Albendazole, 400 mg/day, also has shown efficacy for therapy of microsporidial intestinal infections in patients with AIDS. Infection with Capillaria philippinensis can be treated with a 10-day treatment regimen with albendazole (400 mg/day). Albendazole is given with DEC to control LF in most parts of the world. The strategy is annual dosing with combination therapy for 4-6 years to maintain the microfilaremia at such low levels that transmission cannot occur. The period of therapy is estimated to correspond to the duration of fecundity of adult worms. To avoid serious reactions to dying microfilariae, the albendazole/ivermectin combination is recommended in locations where filariasis coexists with either onchocerciasis or loiasis.
Toxicity, Side Effects, Precautions, and Contraindications. Excluding thiabendazole, the BZs have excellent safety profiles. Overall, the incidence of side effects, primarily mild GI symptoms, occur in only 1% of treated children. Side effects frequently encountered with therapeutic doses include anorexia, nausea, vomiting, and dizziness. Mebendazole does not cause significant systemic toxicity in routine clinical use, due to its low systemic bioavailability. Transient symptoms of abdominal pain, distention, and diarrhea have occurred in cases of massive infestation and expulsion of GI worms. Albendazole produces few side effects when used for short-term therapy of GI helminth infections, even in patients with heavy worm burdens. Even in long-term therapy of cystic hydatid disease and neurocysticercosis, albendazole is well tolerated by most patients. The most common side effect is liver dysfunction, generally manifested by an increase in serum transaminase levels; rarely jaundice may be noted, but enzyme activities return to normal after therapy is completed. Liver function tests should be conducted during protracted albendazole therapy; the drug is not recommended for patients with cirrhosis. The safety of albendazole in children <2 years of age has not been established.

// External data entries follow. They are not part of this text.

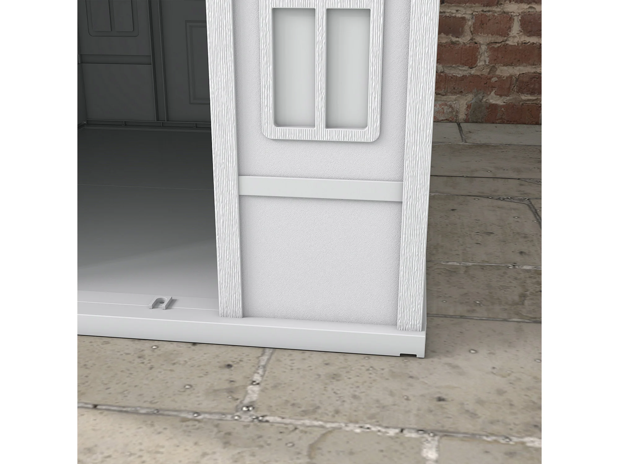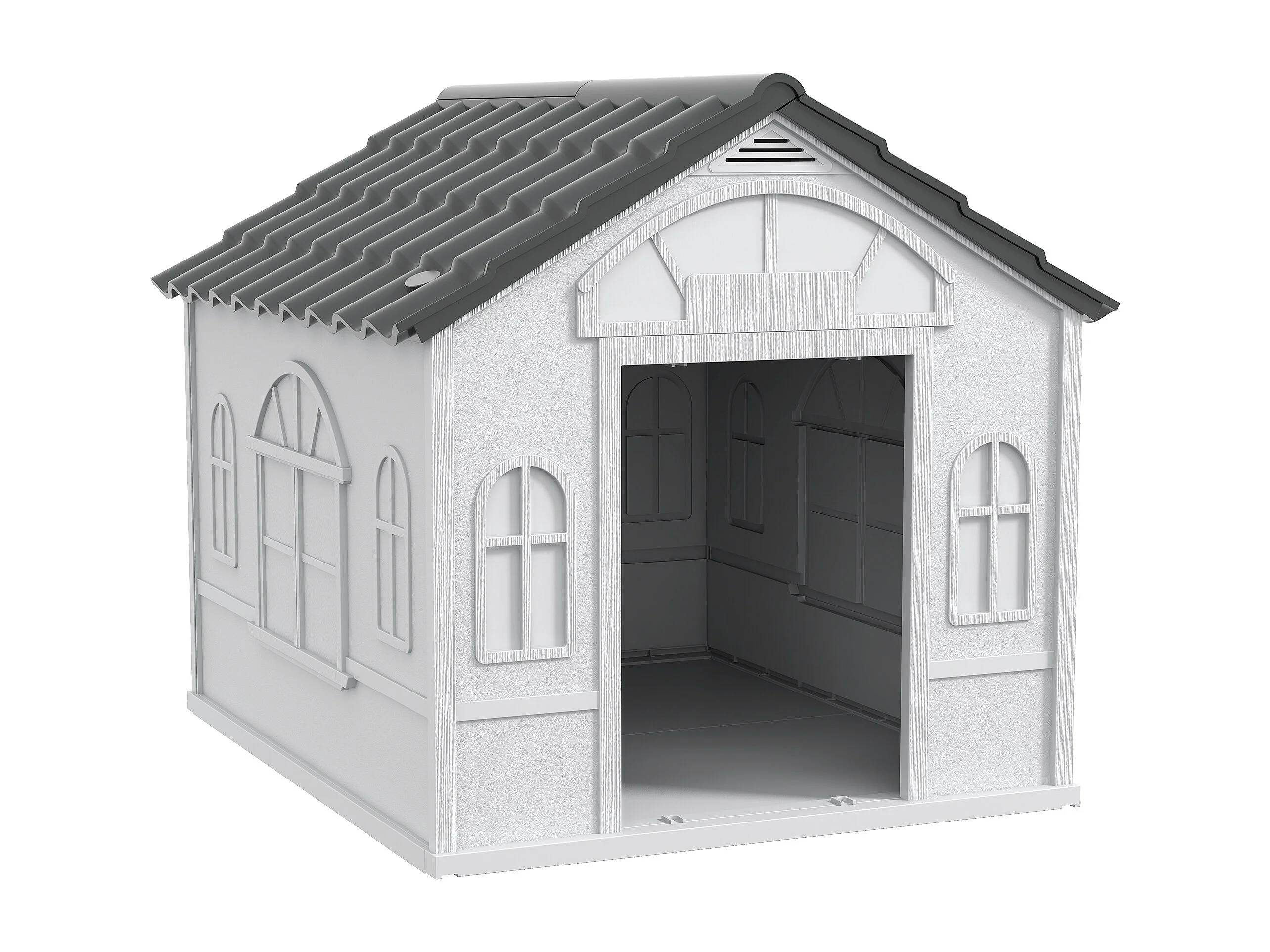 Cuccia per cani da esterno in legno e plastica con portico e finestre
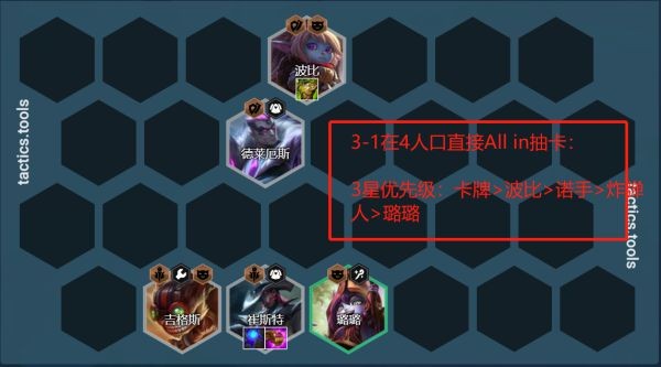 2.前期不拉人口连败过渡,3人口只上3约德尔去嫖波比、炸弹人、璐璐这三张卡牌。2-3自动拉4人口补充卡牌或者诺手,如果波比1星,那么直接上诺手支撑一下前排的坦度,反之则上卡牌补充伤害;
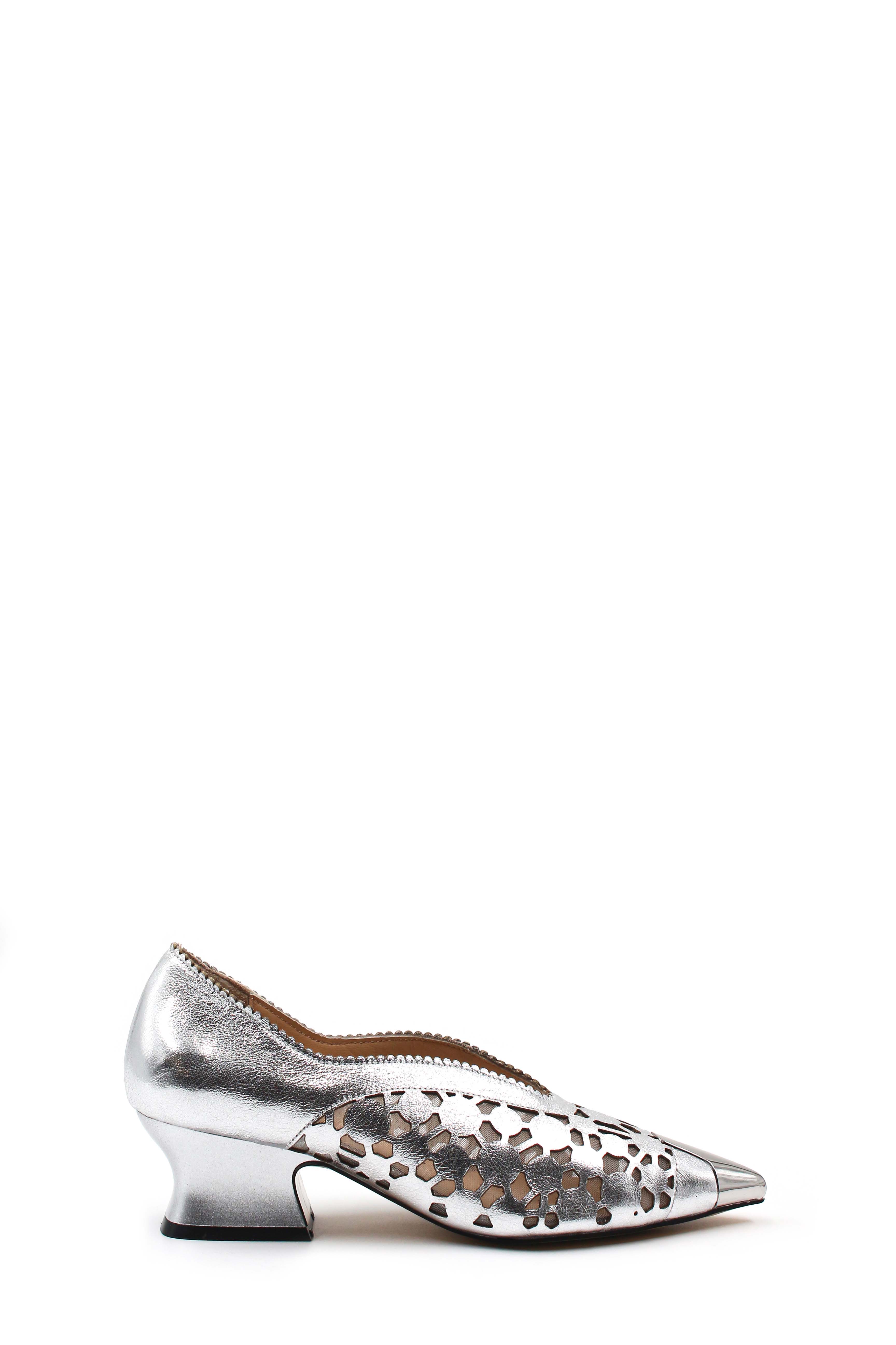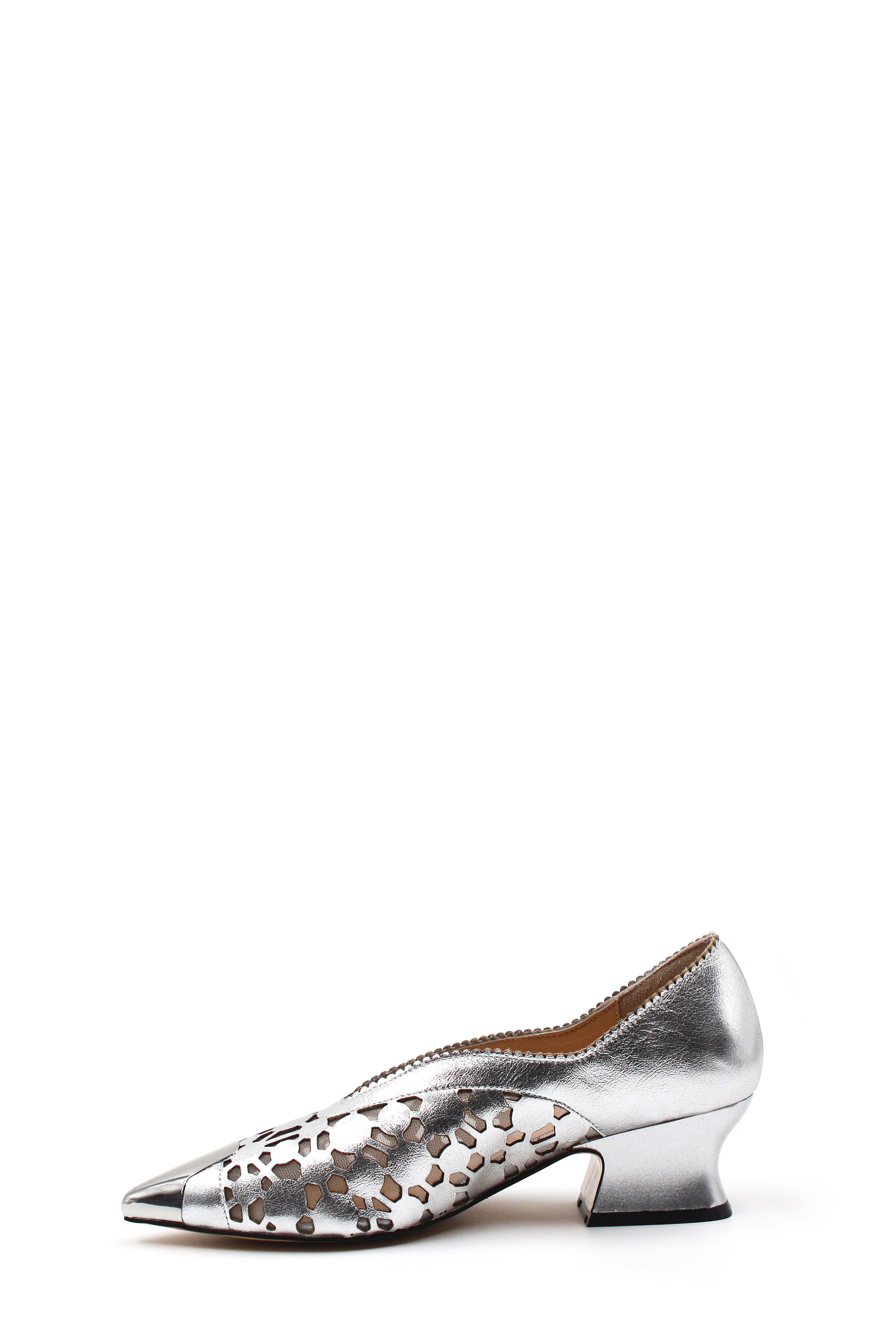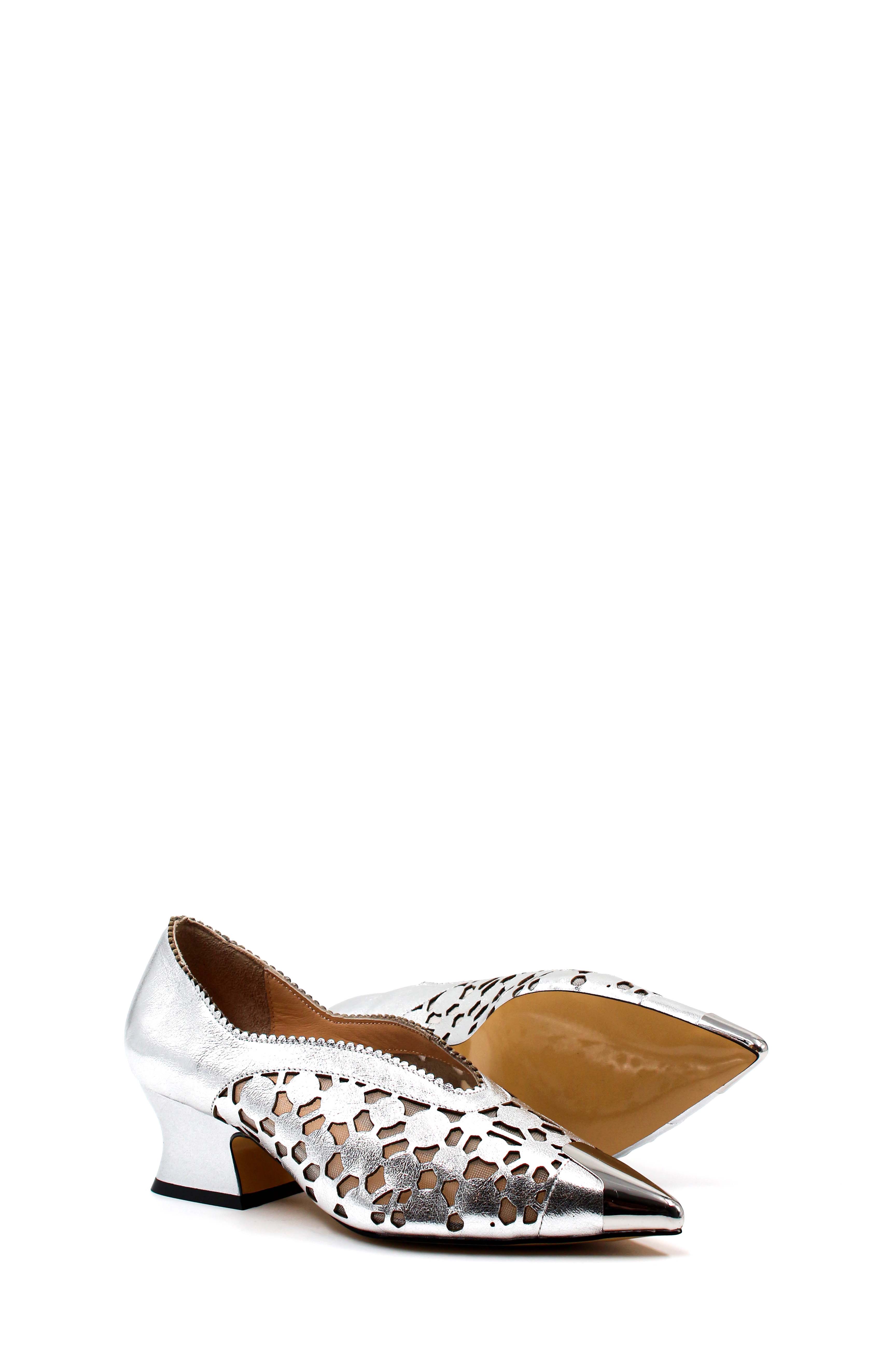 MirgeShoes Gümüş Kadın Kalın Topuklu Ayakkabı İçi Dışı Hakiki Deri MRG01194261583
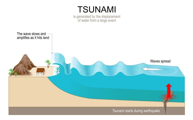 Tsunami is a series of huge waves that generated by submarine earthquakes. Waves travel at subsonic speed across the water surface. Vector diagram. poster for education
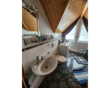 Bad mit Wand- u. Bodenfliesen grau
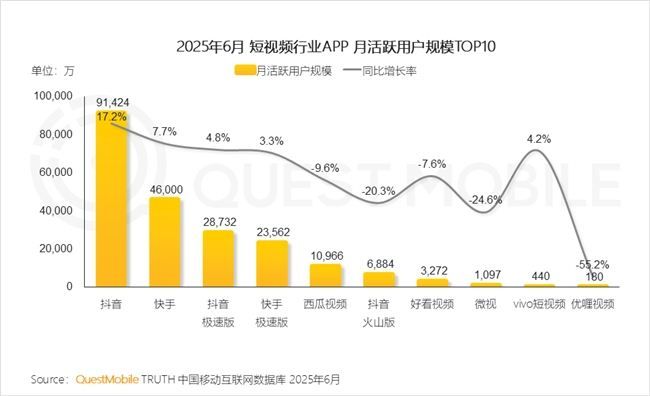 QuestMobile数据显示,2025年6月,全网用户月人均单日使用时长及次数分别为7.97小时和117.9次,较去年同期分别提升7.8%、2.6%,用户粘性加深。
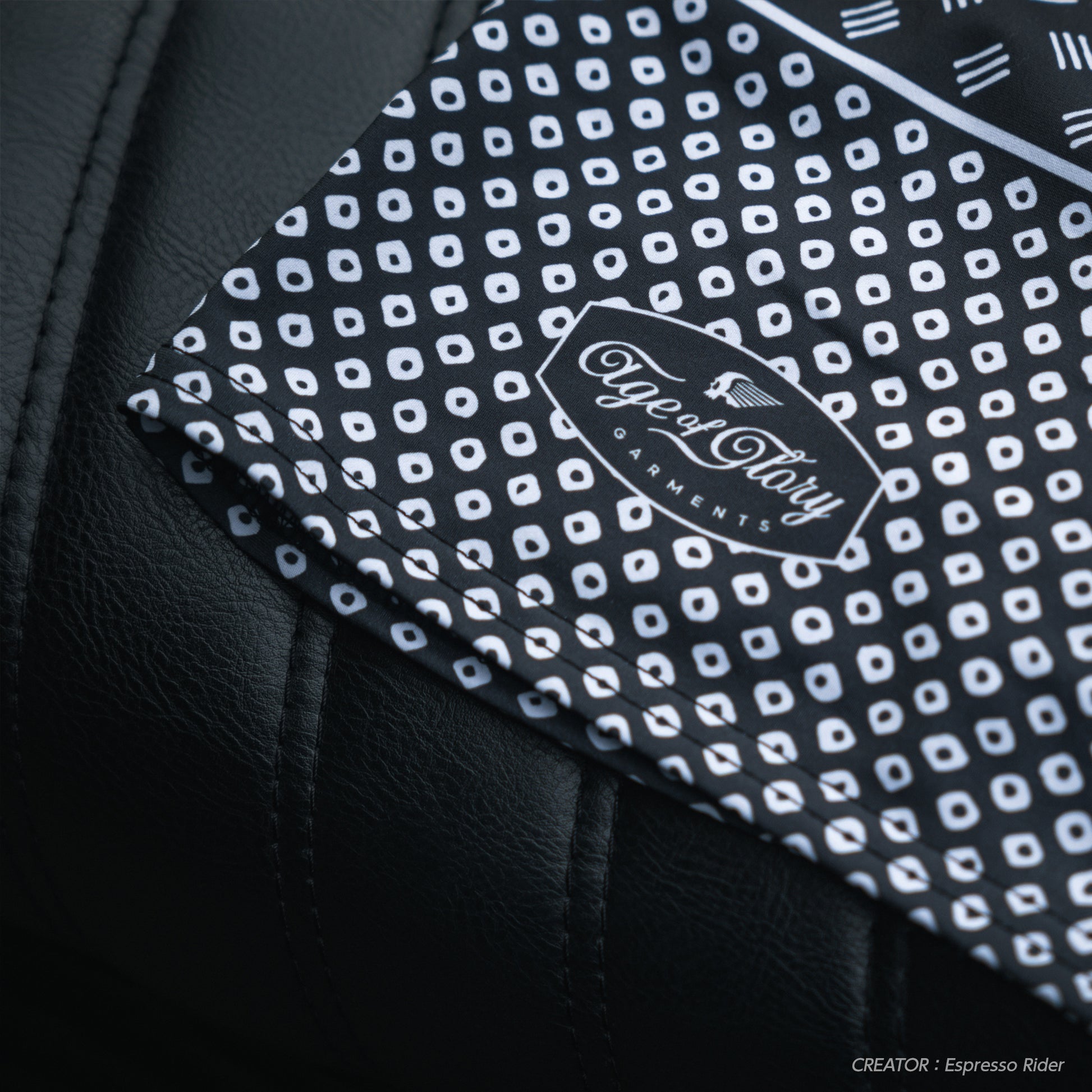 ライディング中の快適さはもちろん、デザインにもこだわりました。鹿の子柄をエイジ オブ グローリーらしくアレンジすることで、機能性だけでなくスタイル性も両立。

The BZs as a group display few clinically significant interactions with other drugs. Albendazole may induce its own metabolism; plasma levels of its sulfoxide metabolites can be increased by coadministration of glucocorticoids and possibly praziquantel. Caution is advised when using high doses of albendazole together with general inhibitors of hepatic CYPs. Coadministration of cimetidine can increase the bioavailability of mebendazole.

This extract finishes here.